• Data provided
━━━━━━━━━━

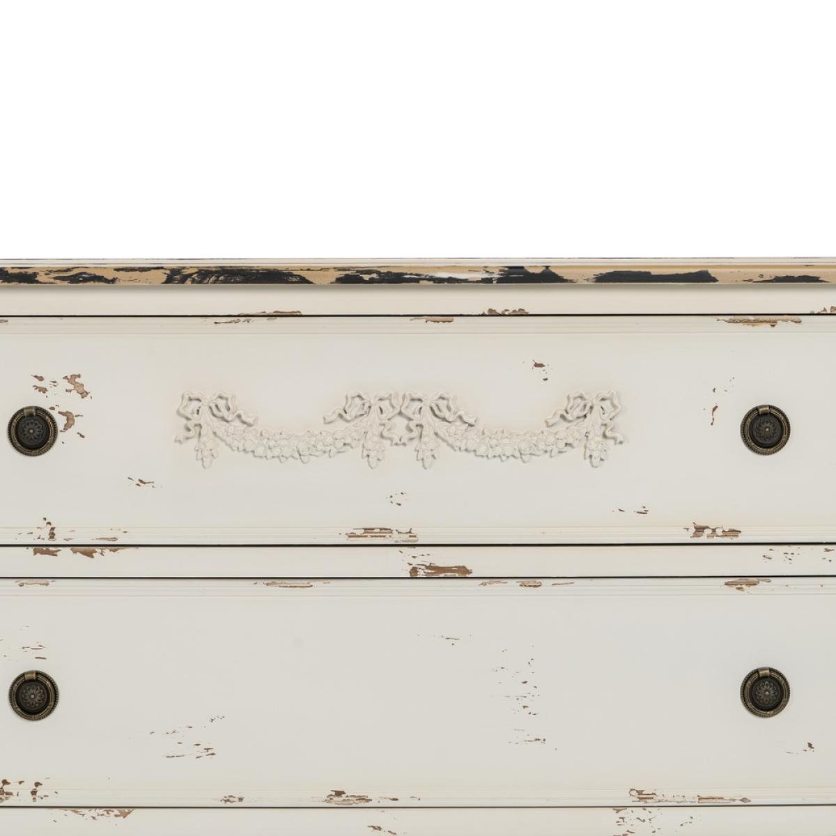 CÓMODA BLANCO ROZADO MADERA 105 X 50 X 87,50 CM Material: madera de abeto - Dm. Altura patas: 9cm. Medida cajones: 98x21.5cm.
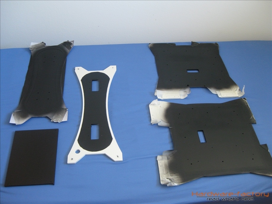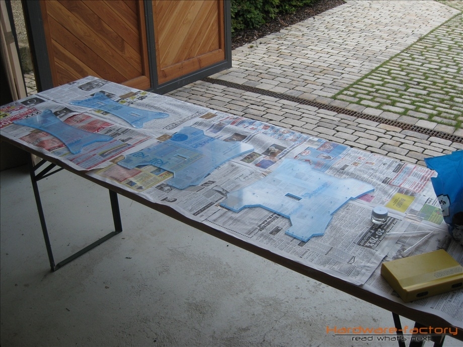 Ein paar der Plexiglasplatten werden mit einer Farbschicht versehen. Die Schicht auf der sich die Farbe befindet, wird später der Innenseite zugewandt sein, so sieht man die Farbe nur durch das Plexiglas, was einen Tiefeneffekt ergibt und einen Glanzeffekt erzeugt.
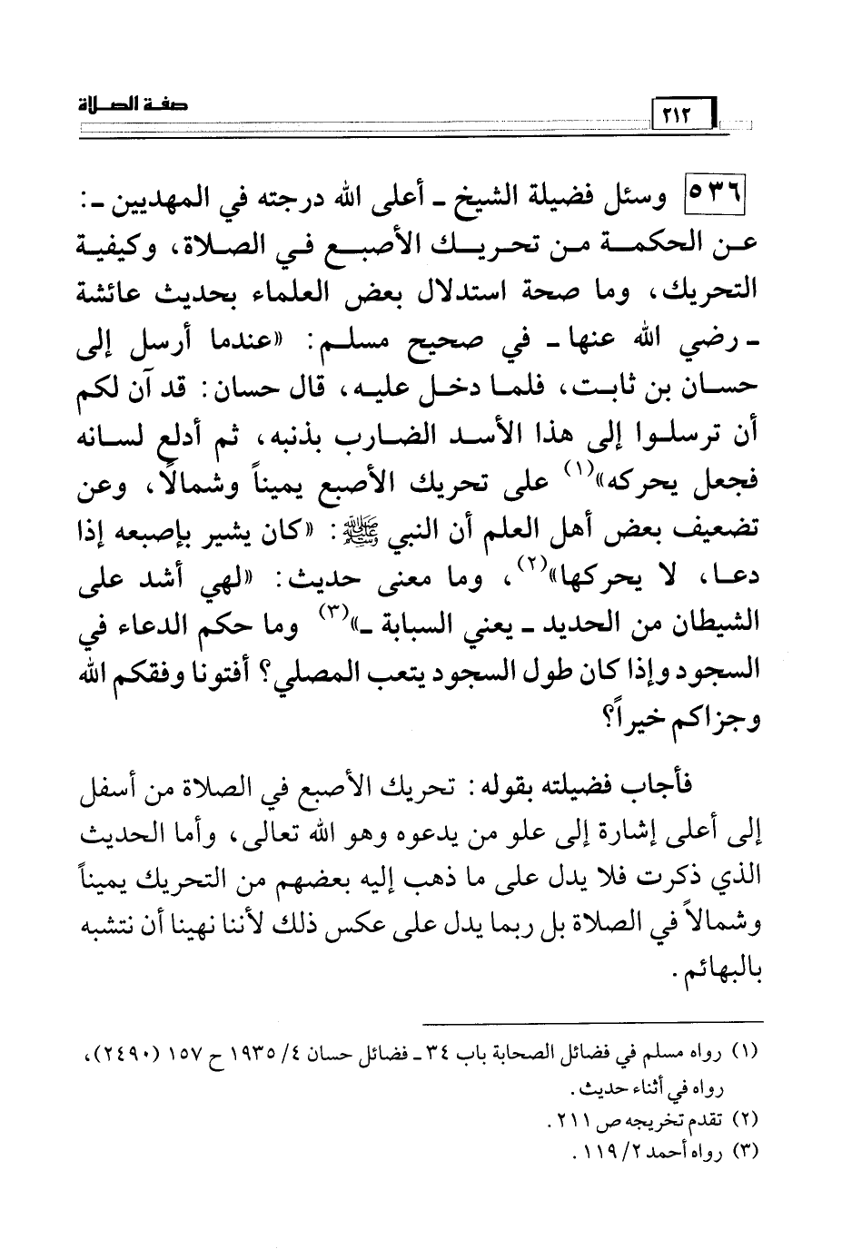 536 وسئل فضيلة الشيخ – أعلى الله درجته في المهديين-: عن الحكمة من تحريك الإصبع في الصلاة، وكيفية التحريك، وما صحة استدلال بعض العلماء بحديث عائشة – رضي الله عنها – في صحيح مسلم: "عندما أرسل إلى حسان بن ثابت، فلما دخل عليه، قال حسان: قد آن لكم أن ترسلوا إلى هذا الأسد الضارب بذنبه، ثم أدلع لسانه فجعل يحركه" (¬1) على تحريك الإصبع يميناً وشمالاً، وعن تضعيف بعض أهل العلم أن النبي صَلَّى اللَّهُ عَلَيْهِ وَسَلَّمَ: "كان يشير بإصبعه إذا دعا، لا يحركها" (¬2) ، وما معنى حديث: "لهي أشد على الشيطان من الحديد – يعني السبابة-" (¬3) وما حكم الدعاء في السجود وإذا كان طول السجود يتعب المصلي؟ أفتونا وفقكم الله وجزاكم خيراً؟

━━━━━━━━━━

• Task instructions
Write out again exactly the lines from the start of the data above through the line containing "Ein paar der", inclusive, excluding any pictures.

• Response area
 CÓMODA BLANCO ROZADO MADERA 105 X 50 X 87,50 CM Material: madera de abeto - Dm. Altura patas: 9cm. Medida cajones: 98x21.5cm.
 Ein paar der Plexiglasplatten werden mit einer Farbschicht versehen. Die Schicht auf der sich die Farbe befindet, wird später der Innenseite zugewandt sein, so sieht man die Farbe nur durch das Plexiglas, was einen Tiefeneffekt ergibt und einen Glanzeffekt erzeugt.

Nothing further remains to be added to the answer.